-------- Record excerpts
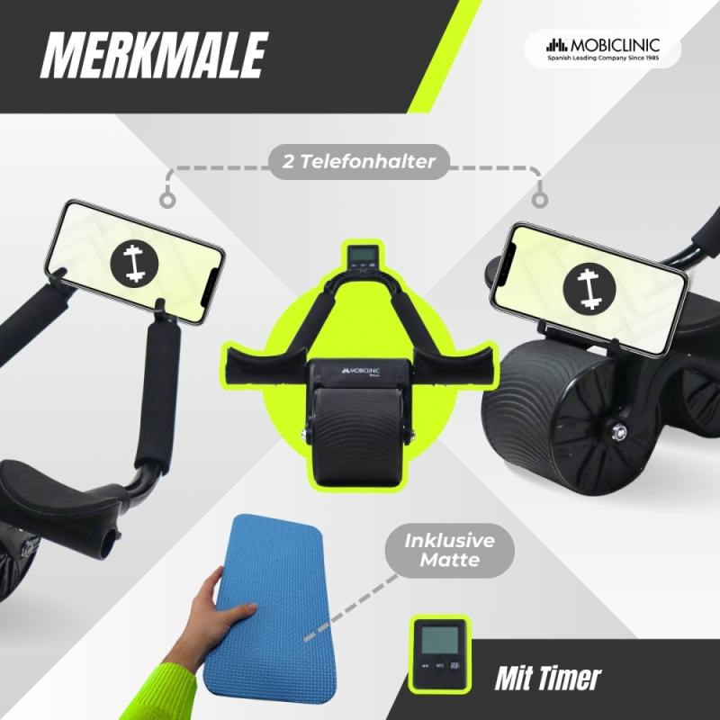 Dieser Roller verfügt über drei Zubehörteile, die ihn noch umfassender machen: einen digitalen Timer zur Festlegung von Arbeitsintervallen und zur Kontrolle der Zeit Ihrer Übungen, wodurch jede Sitzung maximal optimiert wird. Dadurch können Sie Ihre Leistung verbessern und einer strukturierten Routine folgen. Es verfügt außerdem über zwei Telefonhalter, mit denen Sie während Ihrer Übungen Videos ansehen oder Trainingsanwendungen verfolgen können, wodurch Ihre Routinen interaktiver und motivierender werden. Schließlich ist es mit einer rutschfesten Matte ausgestattet, die einen sicheren und bequemen Platz für Ihr Training garantiert, Ihre Knie beim Rutschen schützt und besseren Halt bietet.
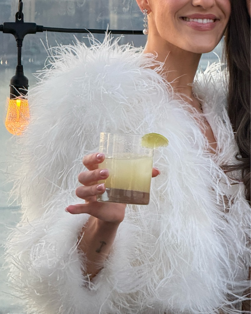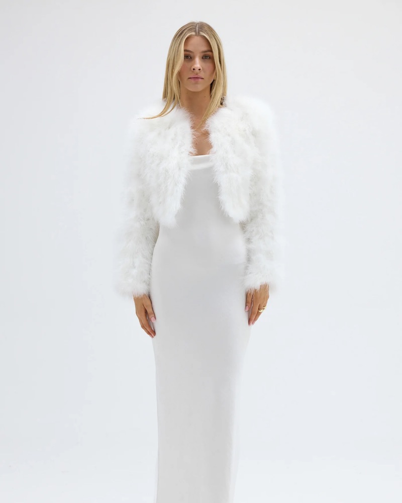 “Manhattan Crop Jacket”. The perfect blend of strong shoulder structure and flattering feminine cropped length, the Marabou feather jacket is sophisticated and stylish. Perfect for a chilly evenings, can be dressed up or down. Amazing for brides!
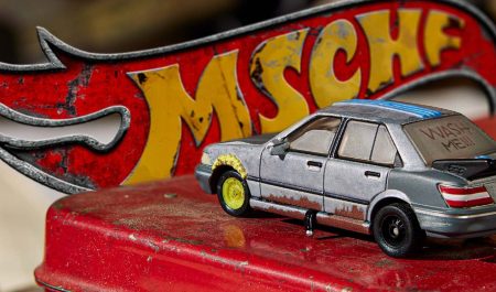 Se trata de un automóvil que no es reflejo de ningún modelo real, si no que está inspirado por los coches japoneses de los años 90 que llegaron al mercado estadounidense, caracterizados por su fiabilidad y que todavía es fácil ver circulando por las calles, aunque, por supuesto, cargados de parches y remiendos, algo que refleja claramente el automóvil a escala.
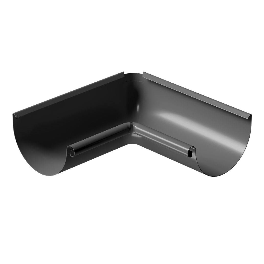 Два соседствующих желоба на внутреннем угле дома можно соединить под прямым углом с помощью изделия — внутренний угол желоба 90˚. Данный элемент может быть окрашен в тон остальным частям водостока «Stal Standard» в один из двух цветов, среди которых универсальный оттенок серого.
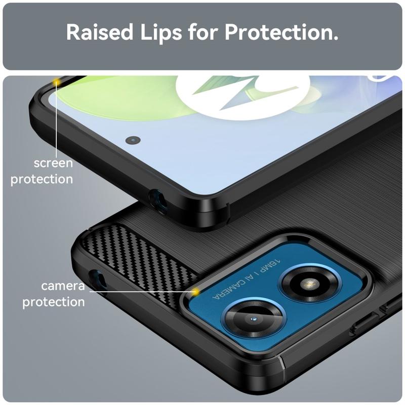 Det børstede TPU-cover beskytter din Motorola Moto G04, Moto G24 tilstrækkeligt, mens det giver den en fantastisk stil, takket være dets kulfibermønster på bagsiden. Coveret sikrer også mod overophedning, når du bruger din Motorola Moto G04, Moto G24, med dets varmeafledningsdesign.
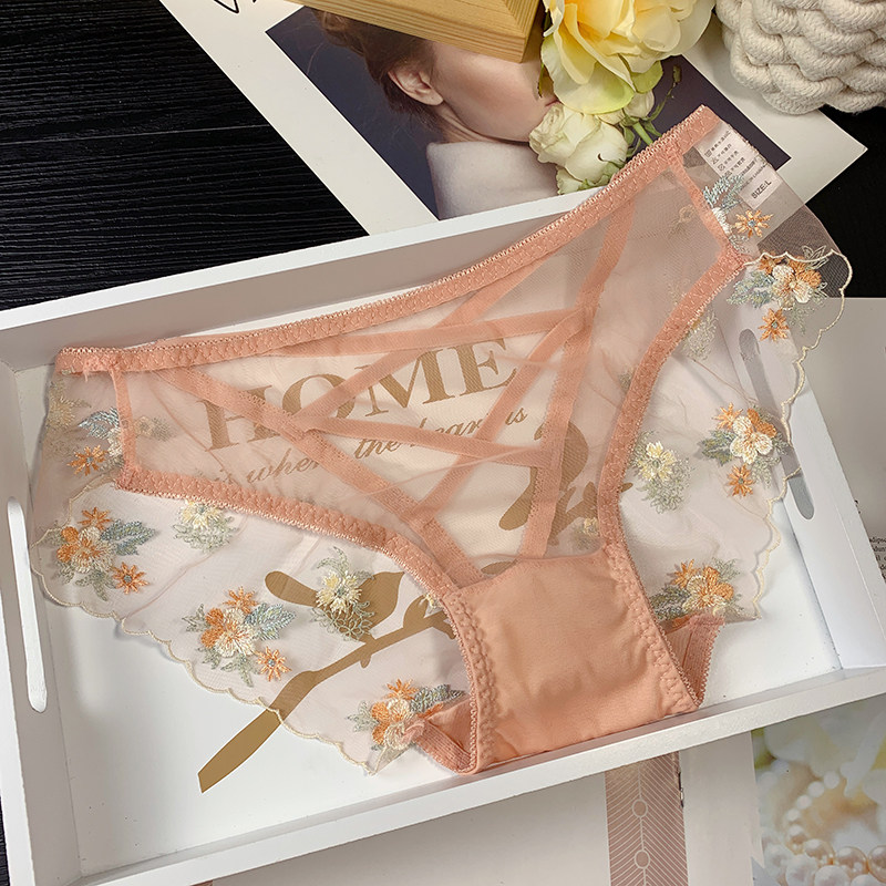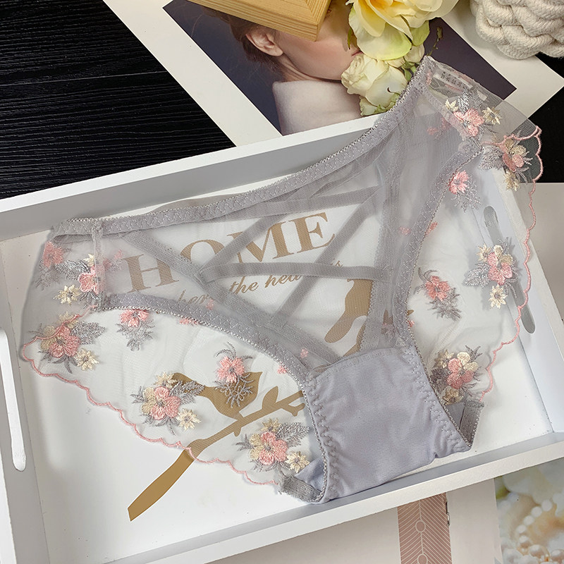 emwz embroidered flower sexy mesh lace underwear women's mid-waist back hollow strap transparent see-through briefs
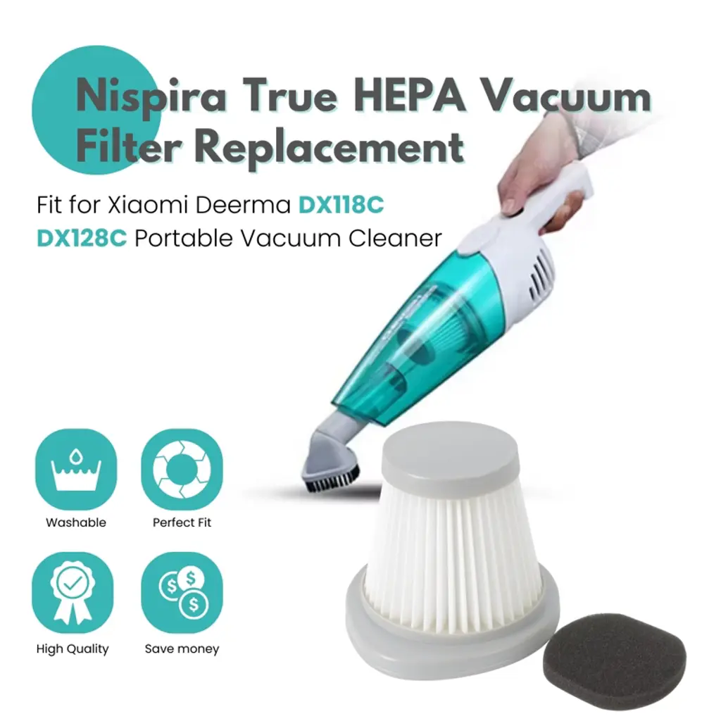 Nispira Premium HEPA Vacuum Filter for Xiaomi Nispira premium HEPA vacuum filter is made from high-quality materials to ensure durability and long-lasting performance. For enhanced efficiency, the filter is washable and reusable — simply rinse it under clean water and allow it to dry completely before reinstalling. Please ensure the filter is fully dry before installation. This filter is compatible with Xiaomi DX118C DX128C Handheld Portable Vacuum Cleaner models. It is not suitable for other Xiaomi or non-Xiaomi vacuum models. Our premium filters are crafted with top-quality materials to help keep your home as clean as possible. Product Details: Dimensions: 1.8” x 3” x 3.5” Quantity: 6 filters included Maintenance: For optimal performance, clean the filter every 2–4 weeks and replace every 2–3 months. We stand behind our product with a 100% customer satisfaction guarantee — quality meets or exceeds leading national brands.
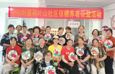 荷叶山社区养老公益活动上,居民们拿着自己绘制的团扇,开心地合影留念。
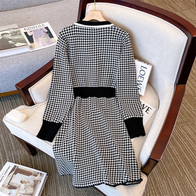 大きいサイズの婦人服2022秋の新しいファットシスターは薄くて腹と腰をカバーするデザインの千鳥格子は肉のドレスをカバーします 大きめサイズ オータム 秋物 8884118930269747
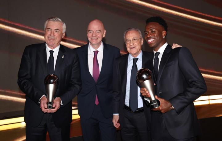 在刚刚结束的国际足联2024年度颁奖典礼中,皇家马德里成为了最大赢家,他们获得了两大最有分量的奖项。
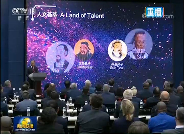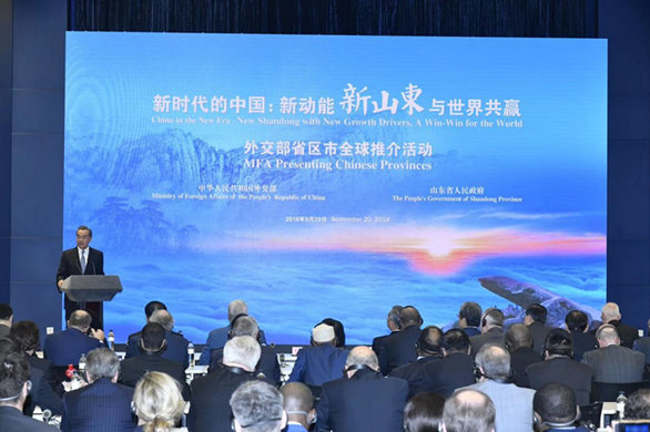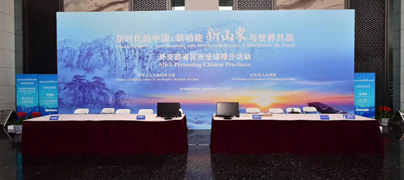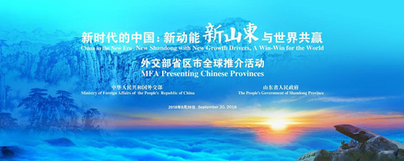 9月20日,由外交部和山东省人民政府举办,以“新时代的中国:新动能 新山东 与世界共赢”为主题的外交部山东全球推介活动在外交部蓝厅隆重举行。来自158个国家和国际组织的240多位驻华大使、外交官员,以及110多名中外记者,近40名国际知名中外企业代表,中央和地方有关部门代表共500多人云集外交部蓝厅。
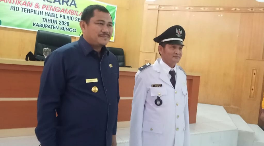 Pelantikan tersebut di gelar serentak dengan delapan orang Rio lainnya dari Kecamatan Tanah Sepenggal dan Kecamatan Tanah Tumbuh, di Ruang Pola Kantor Bupati Bungo, Jumat (17/4/2020).
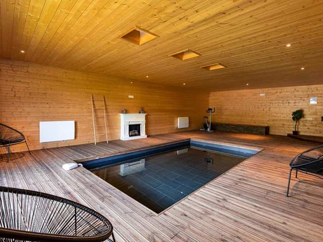 Im Chalet können Gäste im beheizten Innenpool schwimmen oder die Umgebung beim Wandern erkunden. Für Familien stehen Spielgeräte für Kinder zur Verfügung.
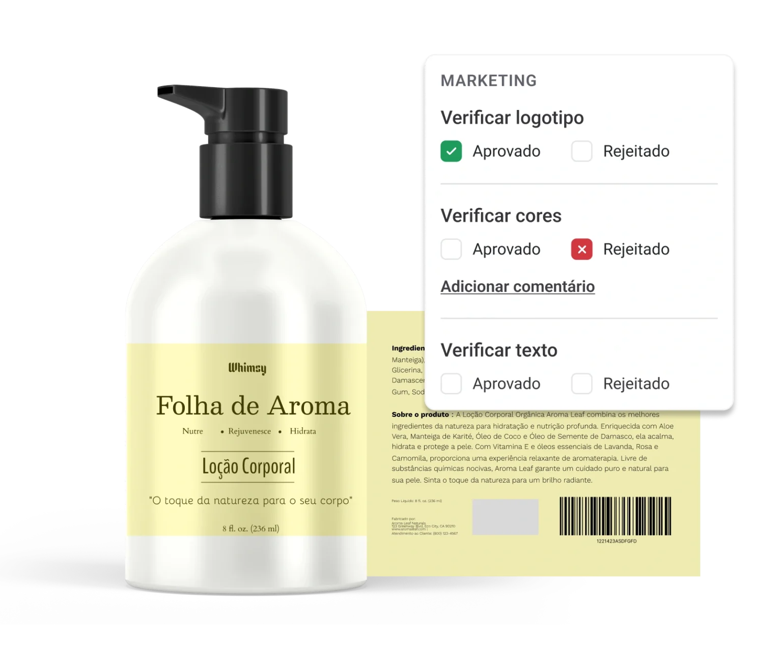 Crie fluxos de aprovação, revise os textos da embalagem e verifique a conformidade — tudo em um só lugar.
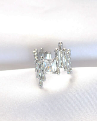 Sıralı Baget Taşlı Silver Renk Ayarlanabilir Yüzük
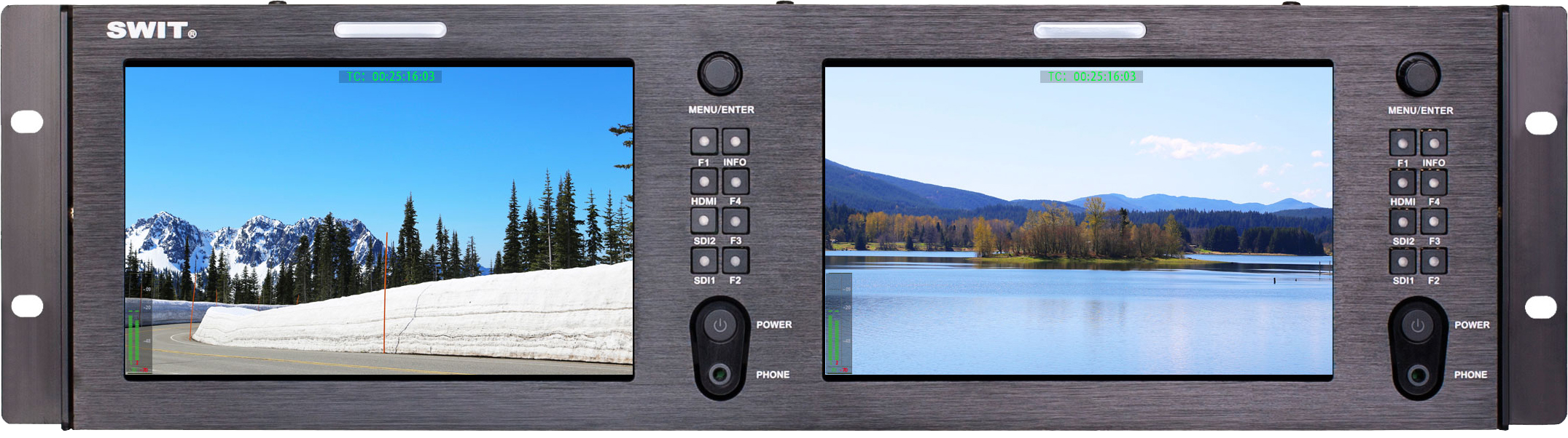 Kahdella heijastamattomalla 7" Full HD-näytöllä varustettu 19" räkkiin asennettava monitori HDMI 2.0 -tuloilla ja -lähdöillä
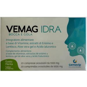 VEMAG Idra Bocca & Gola Menta - Integratore Alimentare con Erisimo, Aloe Vera e Acido Ialuronico - 20 Compresse
----------------
(Exercise instructions):
Could you transcribe all of the data exactly, keeping every picture out of the copy?

(Expected answer):
 Dieser Roller verfügt über drei Zubehörteile, die ihn noch umfassender machen: einen digitalen Timer zur Festlegung von Arbeitsintervallen und zur Kontrolle der Zeit Ihrer Übungen, wodurch jede Sitzung maximal optimiert wird. Dadurch können Sie Ihre Leistung verbessern und einer strukturierten Routine folgen. Es verfügt außerdem über zwei Telefonhalter, mit denen Sie während Ihrer Übungen Videos ansehen oder Trainingsanwendungen verfolgen können, wodurch Ihre Routinen interaktiver und motivierender werden. Schließlich ist es mit einer rutschfesten Matte ausgestattet, die einen sicheren und bequemen Platz für Ihr Training garantiert, Ihre Knie beim Rutschen schützt und besseren Halt bietet.
 “Manhattan Crop Jacket”. The perfect blend of strong shoulder structure and flattering feminine cropped length, the Marabou feather jacket is sophisticated and stylish. Perfect for a chilly evenings, can be dressed up or down. Amazing for brides!
 Se trata de un automóvil que no es reflejo de ningún modelo real, si no que está inspirado por los coches japoneses de los años 90 que llegaron al mercado estadounidense, caracterizados por su fiabilidad y que todavía es fácil ver circulando por las calles, aunque, por supuesto, cargados de parches y remiendos, algo que refleja claramente el automóvil a escala.
 Два соседствующих желоба на внутреннем угле дома можно соединить под прямым углом с помощью изделия — внутренний угол желоба 90˚. Данный элемент может быть окрашен в тон остальным частям водостока «Stal Standard» в один из двух цветов, среди которых универсальный оттенок серого.
 Det børstede TPU-cover beskytter din Motorola Moto G04, Moto G24 tilstrækkeligt, mens det giver den en fantastisk stil, takket være dets kulfibermønster på bagsiden. Coveret sikrer også mod overophedning, når du bruger din Motorola Moto G04, Moto G24, med dets varmeafledningsdesign.
 emwz embroidered flower sexy mesh lace underwear women's mid-waist back hollow strap transparent see-through briefs
 Nispira Premium HEPA Vacuum Filter for Xiaomi Nispira premium HEPA vacuum filter is made from high-quality materials to ensure durability and long-lasting performance. For enhanced efficiency, the filter is washable and reusable — simply rinse it under clean water and allow it to dry completely before reinstalling. Please ensure the filter is fully dry before installation. This filter is compatible with Xiaomi DX118C DX128C Handheld Portable Vacuum Cleaner models. It is not suitable for other Xiaomi or non-Xiaomi vacuum models. Our premium filters are crafted with top-quality materials to help keep your home as clean as possible. Product Details: Dimensions: 1.8” x 3” x 3.5” Quantity: 6 filters included Maintenance: For optimal performance, clean the filter every 2–4 weeks and replace every 2–3 months. We stand behind our product with a 100% customer satisfaction guarantee — quality meets or exceeds leading national brands.
 荷叶山社区养老公益活动上,居民们拿着自己绘制的团扇,开心地合影留念。
 大きいサイズの婦人服2022秋の新しいファットシスターは薄くて腹と腰をカバーするデザインの千鳥格子は肉のドレスをカバーします 大きめサイズ オータム 秋物 8884118930269747
 在刚刚结束的国际足联2024年度颁奖典礼中,皇家马德里成为了最大赢家,他们获得了两大最有分量的奖项。
 9月20日,由外交部和山东省人民政府举办,以“新时代的中国:新动能 新山东 与世界共赢”为主题的外交部山东全球推介活动在外交部蓝厅隆重举行。来自158个国家和国际组织的240多位驻华大使、外交官员,以及110多名中外记者,近40名国际知名中外企业代表,中央和地方有关部门代表共500多人云集外交部蓝厅。
 Pelantikan tersebut di gelar serentak dengan delapan orang Rio lainnya dari Kecamatan Tanah Sepenggal dan Kecamatan Tanah Tumbuh, di Ruang Pola Kantor Bupati Bungo, Jumat (17/4/2020).
 Im Chalet können Gäste im beheizten Innenpool schwimmen oder die Umgebung beim Wandern erkunden. Für Familien stehen Spielgeräte für Kinder zur Verfügung.
 Crie fluxos de aprovação, revise os textos da embalagem e verifique a conformidade — tudo em um só lugar.
 Sıralı Baget Taşlı Silver Renk Ayarlanabilir Yüzük
 Kahdella heijastamattomalla 7" Full HD-näytöllä varustettu 19" räkkiin asennettava monitori HDMI 2.0 -tuloilla ja -lähdöillä
 VEMAG Idra Bocca & Gola Menta - Integratore Alimentare con Erisimo, Aloe Vera e Acido Ialuronico - 20 Compresse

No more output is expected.